[Exercise data — start]
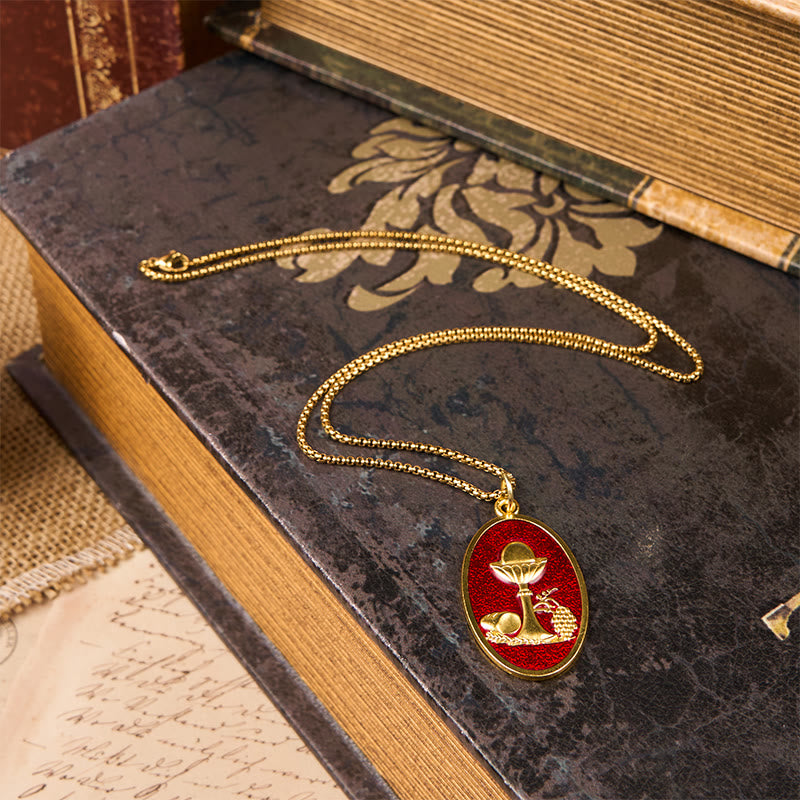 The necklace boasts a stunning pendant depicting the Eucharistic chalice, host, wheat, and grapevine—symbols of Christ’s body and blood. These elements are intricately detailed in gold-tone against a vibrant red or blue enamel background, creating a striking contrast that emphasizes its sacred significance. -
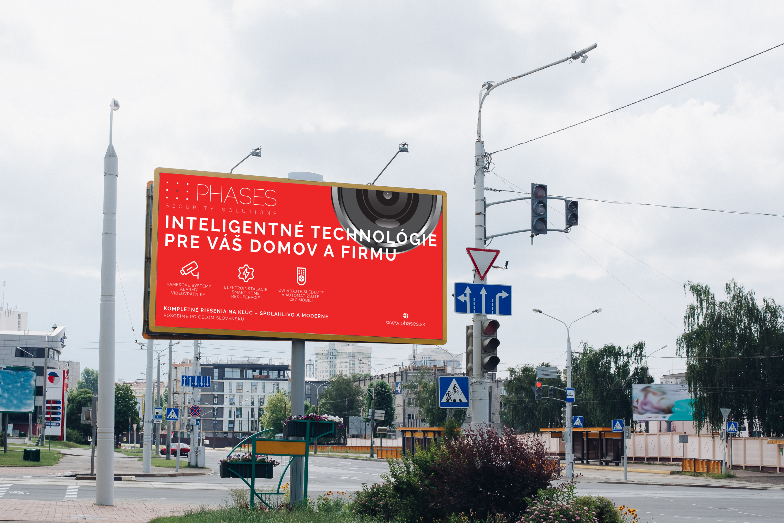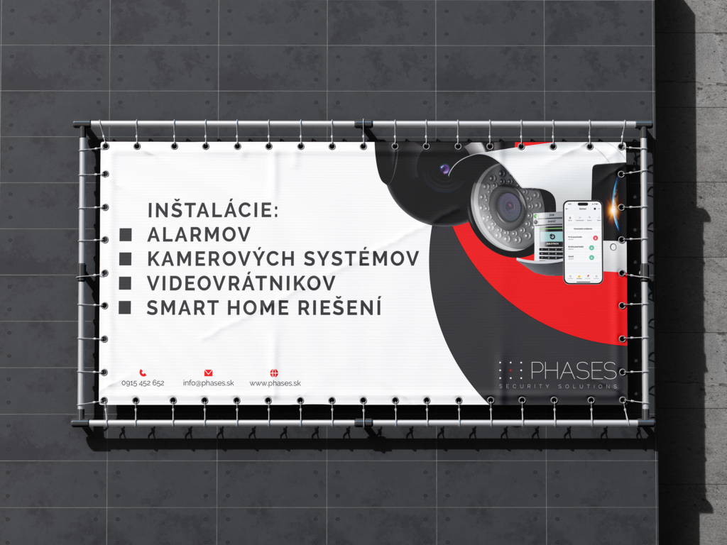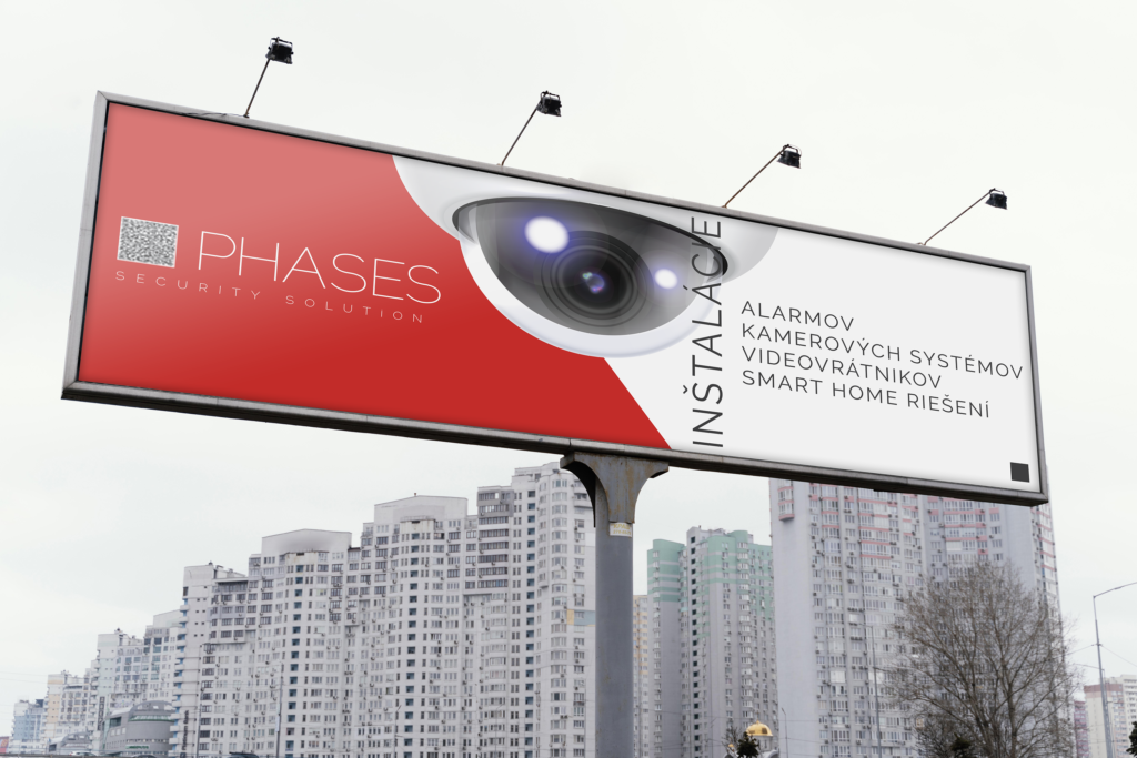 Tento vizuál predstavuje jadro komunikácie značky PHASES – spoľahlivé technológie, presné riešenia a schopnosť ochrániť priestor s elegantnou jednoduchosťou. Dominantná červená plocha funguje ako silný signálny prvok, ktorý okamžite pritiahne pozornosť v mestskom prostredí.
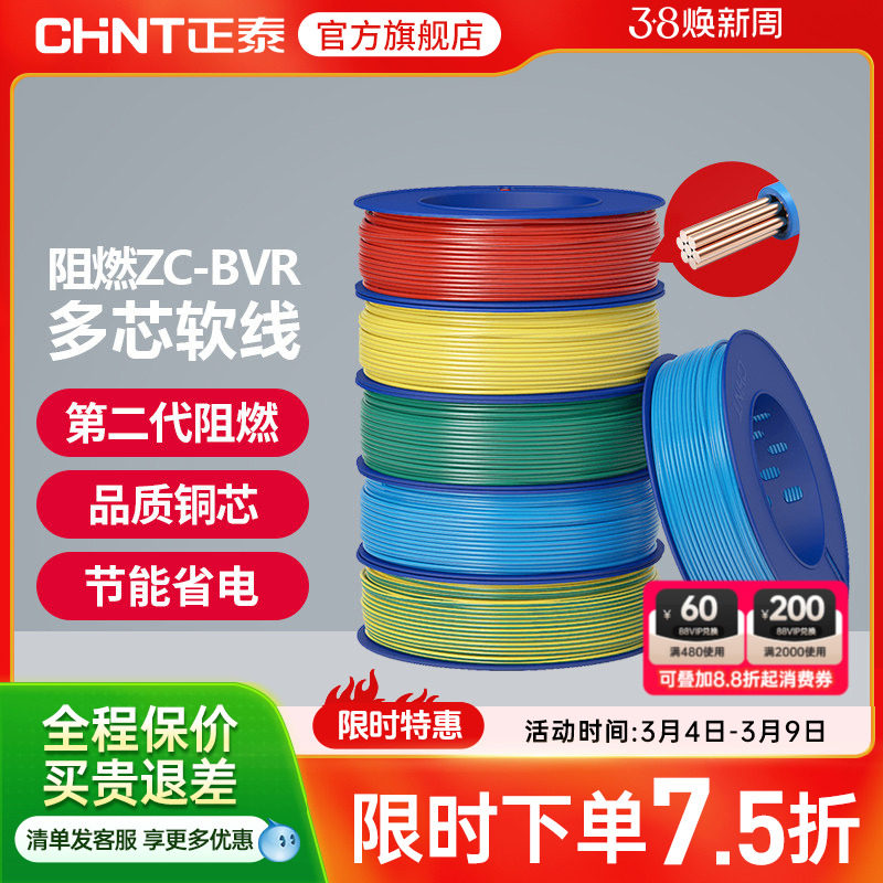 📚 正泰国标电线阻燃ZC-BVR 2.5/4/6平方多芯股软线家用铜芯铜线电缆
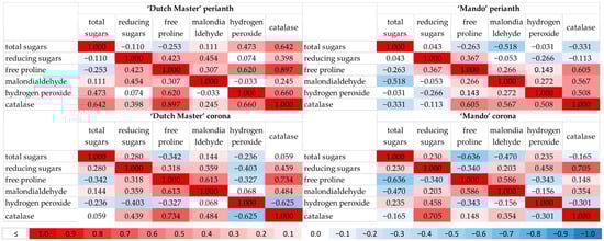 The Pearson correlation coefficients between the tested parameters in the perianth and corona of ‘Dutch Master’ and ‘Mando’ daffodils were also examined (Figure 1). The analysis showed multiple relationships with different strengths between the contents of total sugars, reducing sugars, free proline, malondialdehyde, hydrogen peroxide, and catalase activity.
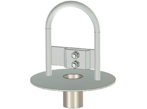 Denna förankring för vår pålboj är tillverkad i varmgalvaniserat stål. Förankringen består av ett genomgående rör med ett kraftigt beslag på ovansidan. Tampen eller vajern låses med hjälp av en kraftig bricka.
[Exercise data — finish]
• [Problem] Return every line above word for word, minus images.

• [Result of the exercise]
 The necklace boasts a stunning pendant depicting the Eucharistic chalice, host, wheat, and grapevine—symbols of Christ’s body and blood. These elements are intricately detailed in gold-tone against a vibrant red or blue enamel background, creating a striking contrast that emphasizes its sacred significance. -
 Tento vizuál predstavuje jadro komunikácie značky PHASES – spoľahlivé technológie, presné riešenia a schopnosť ochrániť priestor s elegantnou jednoduchosťou. Dominantná červená plocha funguje ako silný signálny prvok, ktorý okamžite pritiahne pozornosť v mestskom prostredí.
 📚 正泰国标电线阻燃ZC-BVR 2.5/4/6平方多芯股软线家用铜芯铜线电缆
 The Pearson correlation coefficients between the tested parameters in the perianth and corona of ‘Dutch Master’ and ‘Mando’ daffodils were also examined (Figure 1). The analysis showed multiple relationships with different strengths between the contents of total sugars, reducing sugars, free proline, malondialdehyde, hydrogen peroxide, and catalase activity.
 Denna förankring för vår pålboj är tillverkad i varmgalvaniserat stål. Förankringen består av ett genomgående rör med ett kraftigt beslag på ovansidan. Tampen eller vajern låses med hjälp av en kraftig bricka.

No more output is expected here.